WORK TO COMPLETE :: Print the lines from the one containing "The Celestial Harmony" through the end of the listing below, exactly as written. Any pictures stay out.

*** Opening STORED DATA ***

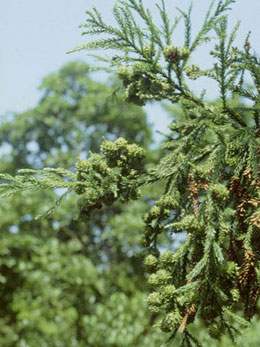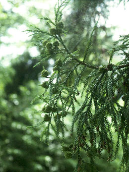この暑〜い夏の間もあいかわらず、茶色に枯れた葉と雄花殻をぶらさげて、一方では杉ぼっくりをグングン生長させていました。ある意味、すばらしい芸当をやってのけるのですが、去年の茶色い杉ぼっくりまで(少しだけですが)つけたままだったりするので、「オヤもう茶色くなったかな」なんてややこしい。それでついおせっかいおばさんぶりを発揮して、枯れたところを取りのぞきたくなってしまいます。しかし、そこはぐっとこらえて、できるだけありのままにしようと、観察だけに専念しています。(過去をひきずったままってのは個人的にはイヤなんですけどね。)
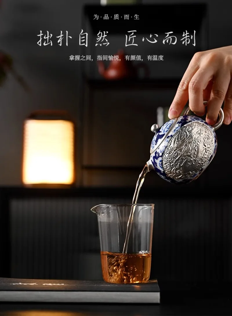 The Celestial Harmony 西式龙凤壶 is a 300ml artisan teapot that fuses traditional blue-and-white porcelain with a hand-embossed sterling silver overlay. Featuring a dragon and phoenix in dynamic relief, this teapot embodies the union of yin and yang, heaven and earth, and East-West aesthetics. The porcelain base offers a classic floral motif, while the silverwork adds depth, symbolism, and ceremonial grandeur.
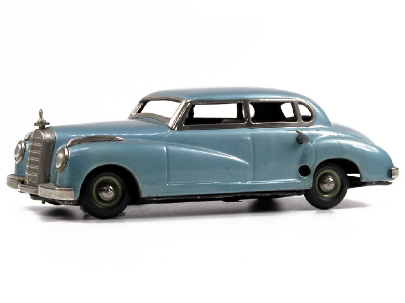longueur 24 cm - moteur à clef (fonctionne) - version avec direction commandée par le bouchon de radiateur, entourage des vitres latérales & pare-brise chromés, enjoliveurs d'ailes avant & levier de commande du moteur sous la forme d'une poignée de portière à l'arrière gauche - petites déformations à l'arrière du plancher
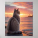 Cat on a Pier with a Sunset and Oceanic Backdrop Poster

*** Closing STORED DATA ***

EXERCISE SOLUTION ::
 The Celestial Harmony 西式龙凤壶 is a 300ml artisan teapot that fuses traditional blue-and-white porcelain with a hand-embossed sterling silver overlay. Featuring a dragon and phoenix in dynamic relief, this teapot embodies the union of yin and yang, heaven and earth, and East-West aesthetics. The porcelain base offers a classic floral motif, while the silverwork adds depth, symbolism, and ceremonial grandeur.
longueur 24 cm - moteur à clef (fonctionne) - version avec direction commandée par le bouchon de radiateur, entourage des vitres latérales & pare-brise chromés, enjoliveurs d'ailes avant & levier de commande du moteur sous la forme d'une poignée de portière à l'arrière gauche - petites déformations à l'arrière du plancher
 Cat on a Pier with a Sunset and Oceanic Backdrop Poster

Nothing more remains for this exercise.